# who



## Ghost (Jun 21, 2002)

who will be the best sub player next year


----------



## John (Jun 9, 2002)

Who? We aren't sure who will stay and who will go.


----------



## TheMatrix31 (May 28, 2002)

*Penny*

Penny will do good off the bench this yr.


----------



## Ghost (Jun 21, 2002)

*re*

what about marion he is in a contract season this year and that is when players are at there best


----------



## John (Jun 9, 2002)

*Re: re*



> Originally posted by *princetolakers *
> what about marion he is in a contract season this year and that is when players are at there best


Can the suns offer him a new contract right now? Or extend his contract whatever you want to call it.


----------



## PhatDaddy3100 (Jun 16, 2002)

Yes the suns can offer him a contract extension this year, and look for them to do it.


----------



## PhatDaddy3100 (Jun 16, 2002)

And the Suns best Sub depends on who starts. If Joe Johnson starts, its Penny. If Penny starts, its Joe Johnson.
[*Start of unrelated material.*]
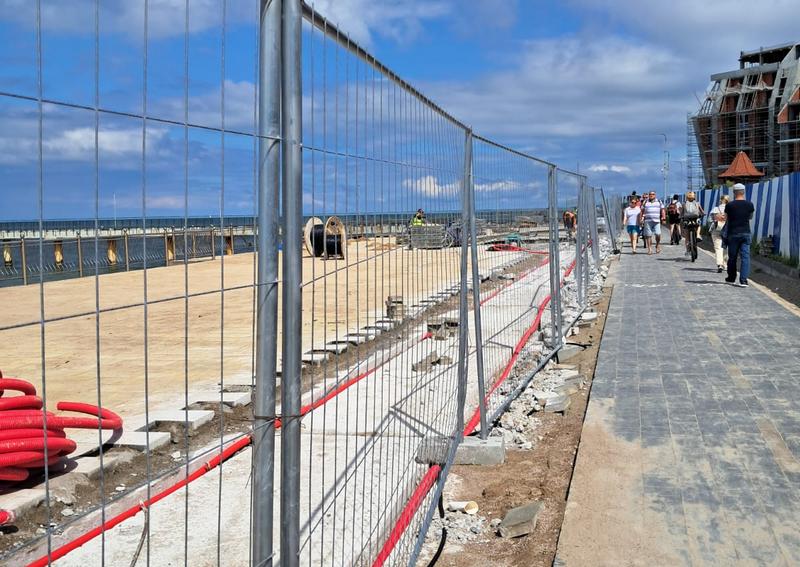 В Зеленоградске Калининградской области шедших к морю туристов разочаровали: к концу июля 2025 года променад разделили сетчатым строительным забором.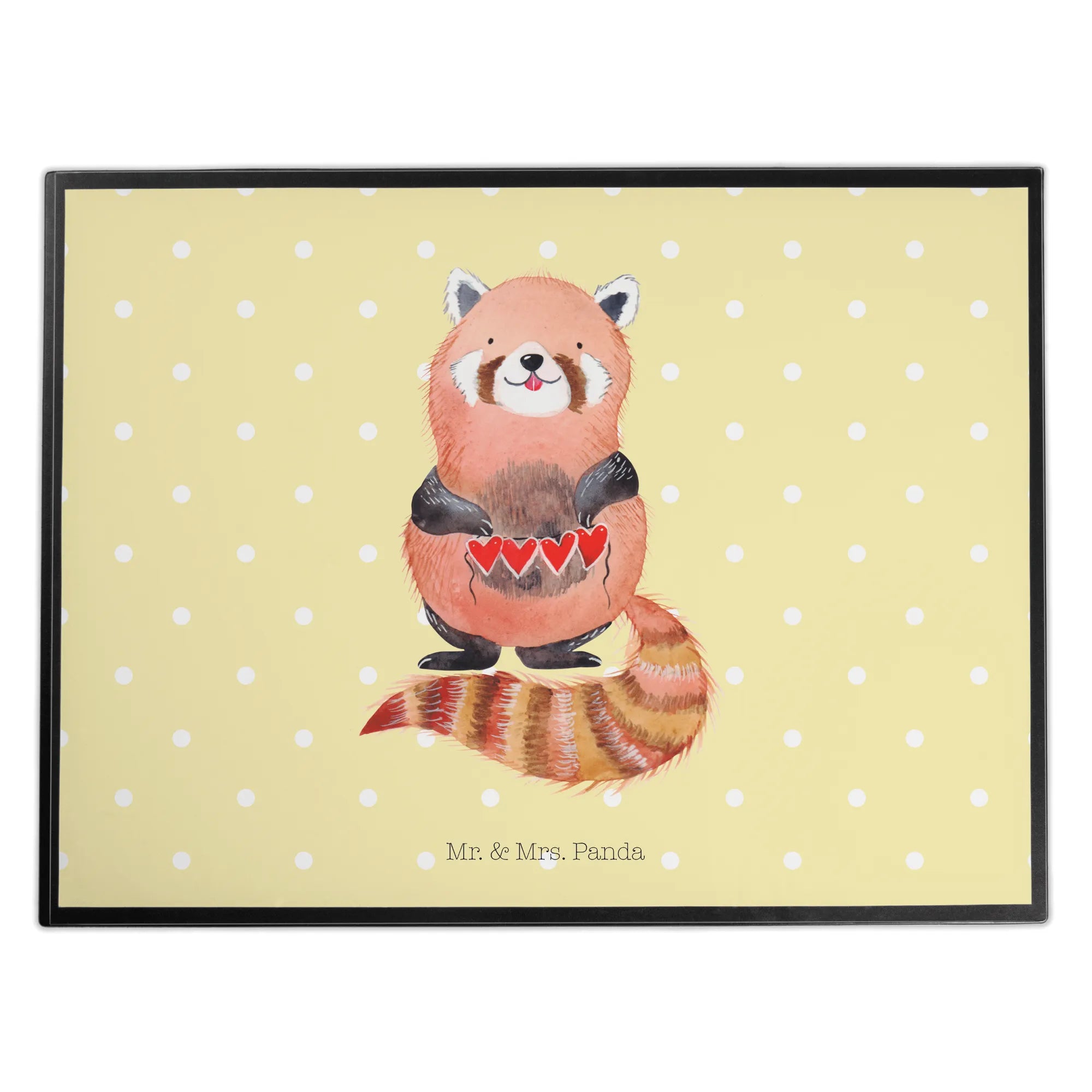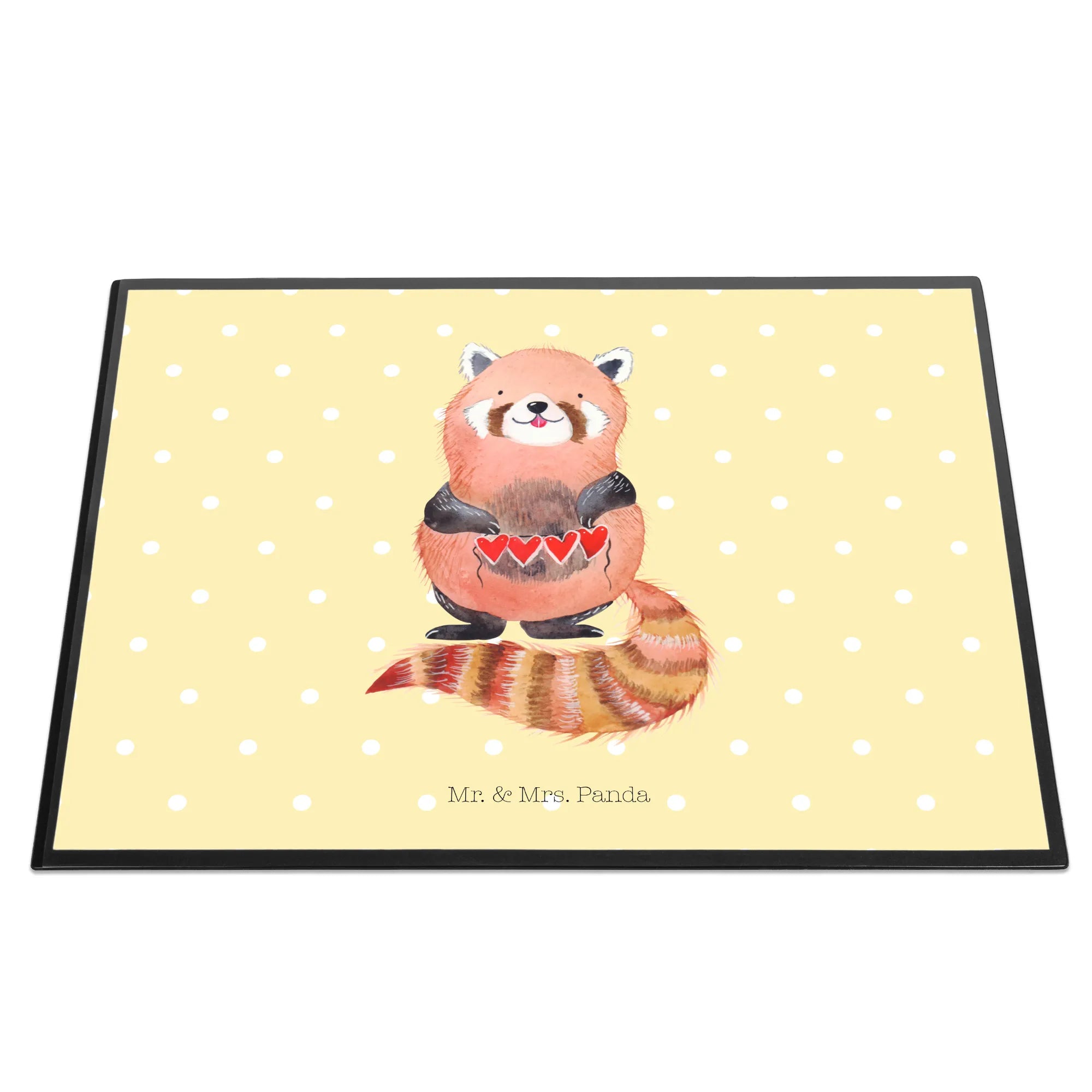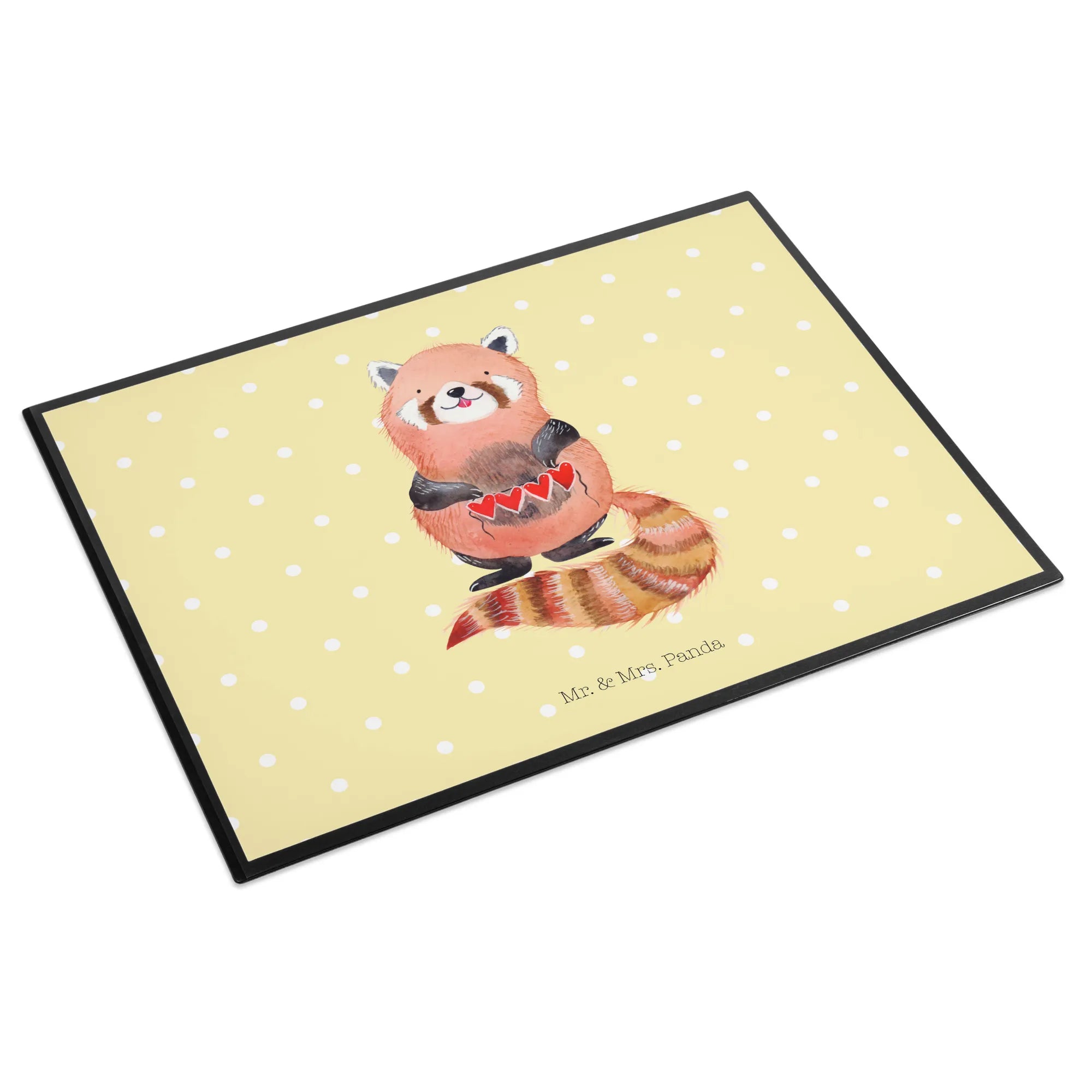 Entdecke die zauberhafte Schreibtischunterlage "Roter Panda" von Mr. & Mrs. Panda. Mit diesem farbenfrohen und detailreichen Motiv zauberst du gleich gute Stimmung in dein Büro, in die Schule oder ins Home Office! Der kuschelige Rote Panda, der liebevoll eine Herzgirlande hält, macht das Schreiben zu einem echten Vergnügen.

Or if Outlaw doesn't start, he could be it.


----------



## Ghost (Jun 21, 2002)

*i think*

it will be penny cause i heard on sportscenter that penny has to fight for a starter spot


----------



## TheRifleman (May 20, 2002)

*Re: re*



> Originally posted by *princetolakers *
> what about marion he is in a contract season this year and that is when players are at there best


Marion has never been a *sub*.


----------



## Ghost (Jun 21, 2002)

*sorry*

i was confused


----------